Faster China Growth... and Lying Flat

China’s gross domestic product (GDP)🎓 grew 4.5% in the first quarter on strong growth in exports, infrastructure investment and a rebound in property prices. The recovery was uneven, though, with industrial activity remaining soft. Overall, growth was faster than the 4% analysts were expecting, according to a Bloomberg poll, but still below the government’s full-year target of 5%. However, the encouraging data has led highly-paid forecasters, having gotten it wrong this time round, to lift their expectations, several of them now looking for a full-year rate of 6%.
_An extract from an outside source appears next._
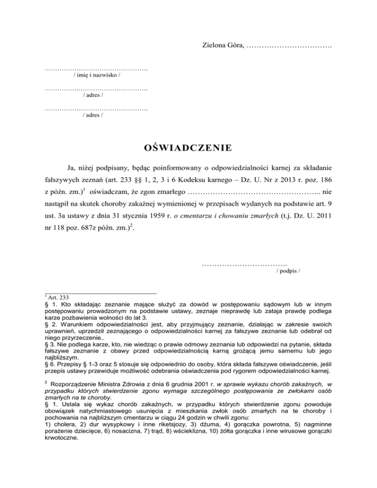 Zielona Góra, ……………………………. …………………………………………. / imię i nazwisko / …………………………………………. / adres / …………………………………………. / adres / OŚWIADCZENIE Ja, niżej podpisany, będąc poinformowany o odpowiedzialności karnej za składanie fałszywych zeznań (art. 233 §§ 1, 2, 3 i 6 Kodeksu karnego – Dz. U. Nr z 2013 r. poz. 186 z późn. zm.)1 oświadczam, że zgon zmarłego …………………………………………….. nie nastąpił na skutek choroby zakaźnej wymienionej w przepisach wydanych na podstawie art. 9 ust. 3a ustawy z dnia 31 stycznia 1959 r. o cmentarzu i chowaniu zmarłych (t.j. Dz. U. 2011 nr 118 poz. 687z późn. zm.)2. ……………………………. / podpis / 1 Art. 233 § 1. Kto składając zeznanie mające służyć za dowód w postępowaniu sądowym lub w innym postępowaniu prowadzonym na podstawie ustawy, zeznaje nieprawdę lub zataja prawdę podlega karze pozbawienia wolności do lat 3. § 2. Warunkiem odpowiedzialności jest, aby przyjmujący zeznanie, działając w zakresie swoich uprawnień, uprzedził zeznającego o odpowiedzialności karnej za fałszywe zeznanie lub odebrał od niego przyrzeczenie.. § 3. Nie podlega karze, kto, nie wiedząc o prawie odmowy zeznania lub odpowiedzi na pytanie, składa fałszywe zeznanie z obawy przed odpowiedzialnością karną grożącą jemu samemu lub jego najbliższym. § 6. Przepisy § 1-3 oraz 5 stosuje się odpowiednio do osoby, która składa fałszywe oświadczenie, jeśli przepis ustawy przewiduje możliwość odebrania oświadczenia pod rygorem odpowiedzialności karnej. 2 Rozporządzenie Ministra Zdrowia z dnia 6 grudnia 2001 r. w sprawie wykazu chorób zakaźnych, w przypadku których stwierdzenie zgonu wymaga szczególnego postępowania ze zwłokami osób zmarłych na te choroby. § 1. Ustala się wykaz chorób zakaźnych, w przypadku których stwierdzenie zgonu powoduje obowiązek natychmiastowego usunięcia z mieszkania zwłok osób zmarłych na te choroby i pochowania na najbliższym cmentarzu w ciągu 24 godzin w chwili zgonu: 1) cholera, 2) dur wysypkowy i inne riketsjozy, 3) dżuma, 4) gorączka powrotna, 5) nagminne porażenie dziecięce, 6) nosacizna, 7) trąd, 8) wścieklizna, 10) żółta gorączka i inne wirusowe gorączki krwotoczne.

..... ▷ The March unemployment rate fell to 5.3% from 5.6% in February, but the youth rate rebounded to almost 20% again, which would normally indicate a weak services economy. At 19.6%, it's close to the 19.9% hit in July last year. Admittedly, youth unemployment often picks up in March as graduates hit the market after the Chinese New Year holidays, but there could be a cycle of weak consumer confidence leading to weak hiring leading to weaker consumer confidence.

..... ▷ China's youth unemployment in urban areas was already high before the pandemic at around 13%, and some suggest it's down to a mismatch between the education system and the jobs market. But it could also be a countercultural rejection of the corporate rat race for more fulfilling if lower-paid work, a phenomenon known as 躺平 (tǎng píng) or "lying flat."
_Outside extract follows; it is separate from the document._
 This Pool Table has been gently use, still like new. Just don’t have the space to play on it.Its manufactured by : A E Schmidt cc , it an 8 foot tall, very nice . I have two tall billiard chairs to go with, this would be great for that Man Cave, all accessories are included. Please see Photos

Lilo, seen here rejecting the corporate rat race - Image credit: Lillo & Stitch / Disney via Tenor

📖 MoneyFitt Explains

🎓️ Gross Domestic Product (GDP)
  • The GDP is the value of all goods and services produced in a country within a given time period, usually a year. It is used to measure the size and growth of a country's economy. It is calculated by adding up consumer spending, government spending, investments, and net exports, or in economist-speak: C+I+G+(X-M).

  • A strong GDP can lead to job growth and increased consumer spending, while a weak GDP can lead to budget cuts and unemployment.

  • While a higher GDP is generally seen as a positive indicator of a strong economy, it doesn't take into account factors such as income inequality and environmental sustainability.